Language in its natural form is never learned from grammar charts and vocabulary lists. Not that those are bad. But consider that language is naturally learned in context. It’s developed in relaxed, conversational settings.

Children make plenty of grammar mistakes but continue to learn the language by emphasizing natural, real-life conversation. They relax and learn it naturally without getting too focused on mastering grammar.

Modern language learners take the same approach.

3. We avoid get-fluent-quick schemes

Life is a series of give-and-take. You get out what you put in. The reason get-rich-quick schemes don’t work is because they promise something for nothing. Language learning is just the same.

When we say “modern,” we don’t mean quick or effortless. We simply mean different than before. Language learning requires effort, and it takes time.

Anything promising to have you master grammar in 10 days or less can leave you discouraged. You didn’t even learn to tie your shoes in 10 days or less—that took your entire kindergarten year to figure out!

Modern language learners avoid the three-week-guarantee propaganda and focus on conversational skills in a relaxed, but consistent manner. We push day-in and day-out towards the goal and eventually achieve the results we’re after.

So, how do we learn grammar the modern way? We can’t ignore grammar altogether and pretend it isn’t at all important. So, what can we do to learn it in ways that differ from traditional approaches?

There are in fact three things modern language learners do when learning grammar. Let’s look at each one together.

3 Ways Modern Learners Approach Grammar

1. We read what we enjoy, not what we’re “supposed” to read

Reading exposes us to grammar in its natural context. And yes, reading in a foreign language is difficult. But it’s easier when you read what you love. The key is to read what you would normally read in English.

For example, if you like cooking, you can read food magazines in your target language. A relaxed approach is best. So, open the umbrella, stretch out on the lawn chair, get the lemonade and read what you love with the breeze blowing around you.

2. We study in short, frequent intervals, not long and random spurts

Six 10-minute sessions of grammar practice is better than one hour straight through. We learn best in short segments. And language is learned by frequent repetition.

Good language learners study in small, frequent intervals for optimal results.

3. We use the grammar we learn in real conversations

The best way to learn something is to do it. We learn better by using what we learn than by letting our new information collect dust in our brain cells.

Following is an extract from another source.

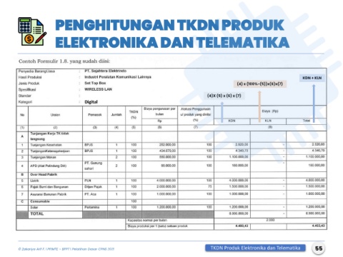 PENGHITUNGAN TKDN PRODUK ELEKTRONIKA DAN TELEMATIKA KDN + KLN (4) x (100%-(5))x(6)x(7) (4)X (5) x (6) x (7) Digital 55 © Zakariya Arif F. l PPIMTE – BPPT l Pelatihan Dasar CPNS 2021 TKDN Produk Elektronika dan Telematika 55

A good approach to learning (and remembering grammar) is to use the one grammar concept you last learned in a conversation five times within the next day. Then learn the next concept. Then use it five times in conversation. Keep repeating this process and you’ll program grammatical patterns into your use of the language.

This is better than memorizing five concepts, using one, then forgetting four. Instead of learning five then using one, try to learn one then use it five times. It may be only one. But one concept remembered is better than ten concepts forgotten.

 

The key is to relax. Modern language learning takes the pressure off, focuses on conversation and makes learning languages fun. Modern linguists understand that grammar is important, but it isn’t everything. We don’t have to know it all. And conversational grammar is still grammar. We don’t get overwhelmed with good resources, we don’t focus too much on grammar, and we avoid the get-fluent-in-a-week claims that discourage some learners. As modern language learners, we read what we enjoy, study in short intervals and use what we learn in real conversation.

And besides, learning modern grammar in real-life conversation will keep you from sounding like a professor from the 17th century who forgot that her language has changed over the past 500 years.